[[ Dataset records open ]]

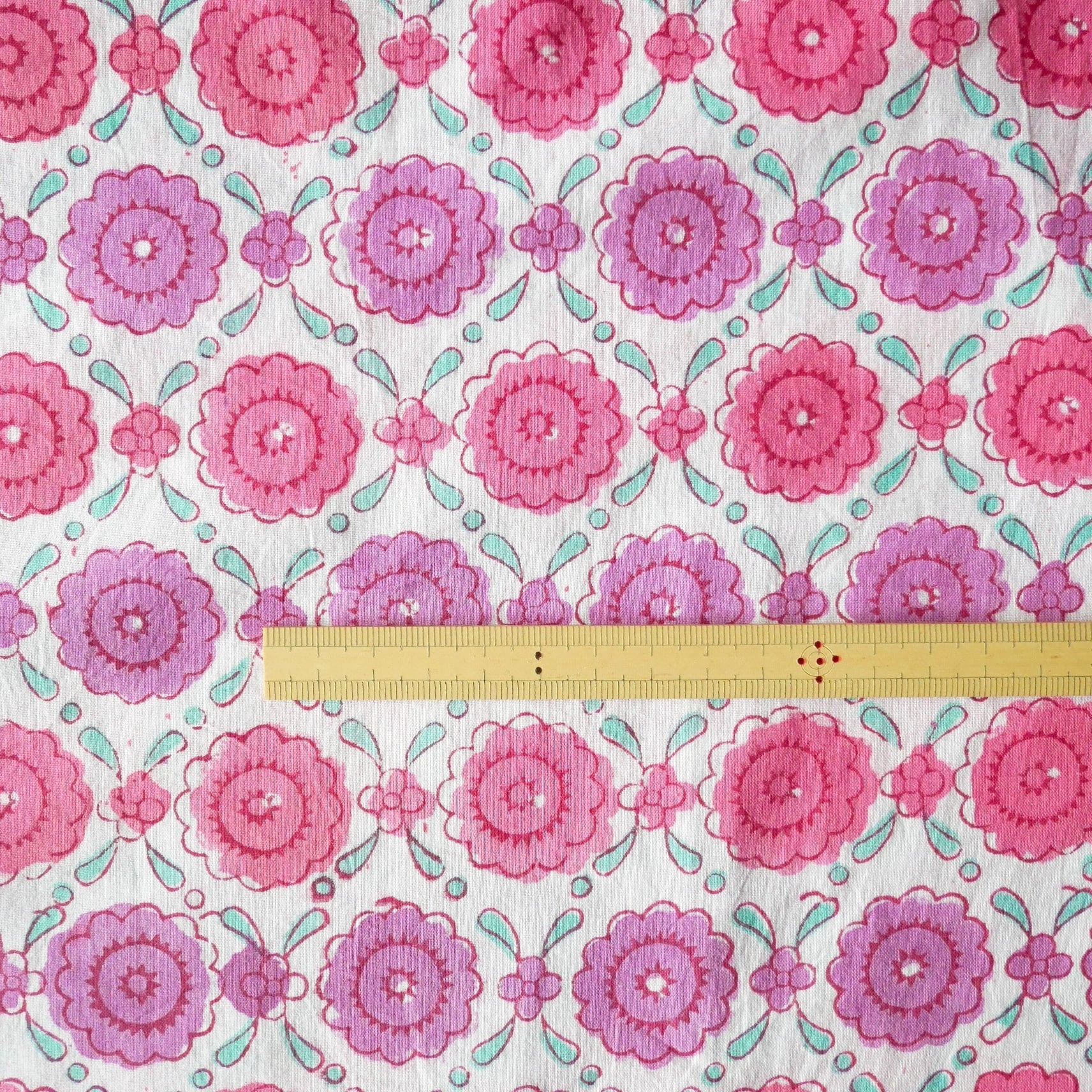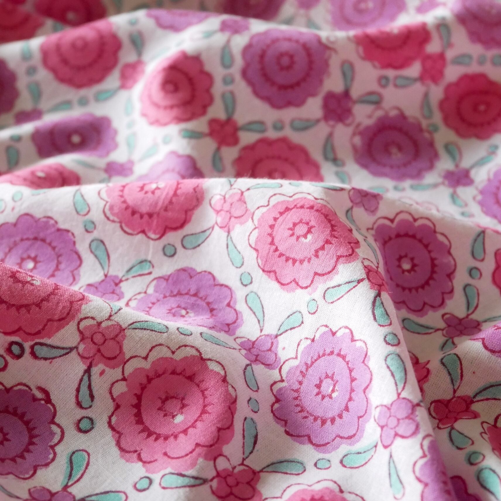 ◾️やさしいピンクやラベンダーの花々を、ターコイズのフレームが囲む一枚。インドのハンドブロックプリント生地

[[ Dataset records closed ]]
[[ Dataset records open ]]

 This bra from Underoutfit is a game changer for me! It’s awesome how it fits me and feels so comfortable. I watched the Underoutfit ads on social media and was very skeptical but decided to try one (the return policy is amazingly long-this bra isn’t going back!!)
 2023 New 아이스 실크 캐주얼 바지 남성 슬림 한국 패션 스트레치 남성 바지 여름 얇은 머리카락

[[ Dataset records closed ]]
[[ Dataset records open ]]

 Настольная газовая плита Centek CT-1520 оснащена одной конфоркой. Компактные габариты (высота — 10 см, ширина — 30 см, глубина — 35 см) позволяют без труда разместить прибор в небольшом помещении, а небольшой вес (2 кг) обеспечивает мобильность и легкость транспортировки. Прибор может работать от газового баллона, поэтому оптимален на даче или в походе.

[[ Dataset records closed ]]

### Task description
Working from the material above, retype exactly the lines from the one with "This bra from" through the one with "2023 New 아이스", both included, and only those lines.

### Output of the task
 This bra from Underoutfit is a game changer for me! It’s awesome how it fits me and feels so comfortable. I watched the Underoutfit ads on social media and was very skeptical but decided to try one (the return policy is amazingly long-this bra isn’t going back!!)
 2023 New 아이스 실크 캐주얼 바지 남성 슬림 한국 패션 스트레치 남성 바지 여름 얇은 머리카락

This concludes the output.